As of June 9, 2026, SPX Technologies Inc has a DVR Score of 6.7 out of 10, placing it in the "Solid Pick" category. This score is generated by our AI-powered deep value analysis framework that evaluates growth potential, financial health, competitive moat, and risk factors.
What is the market capitalization of SPX Technologies Inc?
SPX Technologies Inc's market capitalization is approximately $11.5B..
What is the risk level for SPXC stock?
Our analysis rates SPX Technologies Inc's overall risk as Moderate. This assessment considers execution risk, market risk, financial risk, competitive risk, and regulatory risk. For a full breakdown, see the risk analysis section above.
What is the P/E ratio of SPXC?
SPX Technologies Inc currently has a price-to-earnings (P/E) ratio of 45.6. This is above the market average, suggesting the stock may be priced for high growth expectations.
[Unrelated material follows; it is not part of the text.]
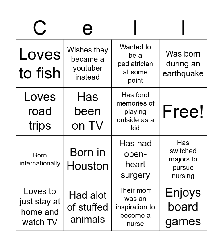 This bingo card has 18 words: Born in Houston, Enjoys board games, Wanted to be a pediatrician at some point, Loves to fish, Has had open-heart surgery, Was born during an earthquake, Loves to just stay at home and watch TV, Wishes they became a youtuber instead, Free!, Born internationally, Their mom was an inspiration to become a nurse, Loves road trips, Has switched majors to pursue nursing, Has been on TV, Has fond memories of playing outside as a kid, Prank calls, Had alot of stuffed animals and Has been to more than 5 states.

Is SPX Technologies Inc's revenue growing?
SPX Technologies Inc has reported revenue growth of 17.4%. The company is showing strong top-line momentum.
Is SPXC stock profitable?
SPX Technologies Inc has a profit margin of 10.8%. The company is profitable but margins are modest.
How often is the SPXC DVR analysis updated?
Our AI-powered analysis of SPX Technologies Inc is refreshed regularly to incorporate the latest financial data, market conditions, and news. The most recent update was on June 9, 2026.
Important Disclaimer – Not Financial Advice
Deep Value Reports is an independent research platform for educational and informational purposes only. We are not financial advisors, investment advisors, or licensed professionals. The analysis, scores, and information provided on this page for SPXC (SPX Technologies Inc) should not be construed as personalized investment advice, a recommendation to buy or sell any security, or an offer to provide investment advisory services.
All investments involve risk, including the potential loss of principal. Past performance does not guarantee future results. Always conduct your own research, consider your financial situation, and consult with a qualified financial advisor before making any investment decisions.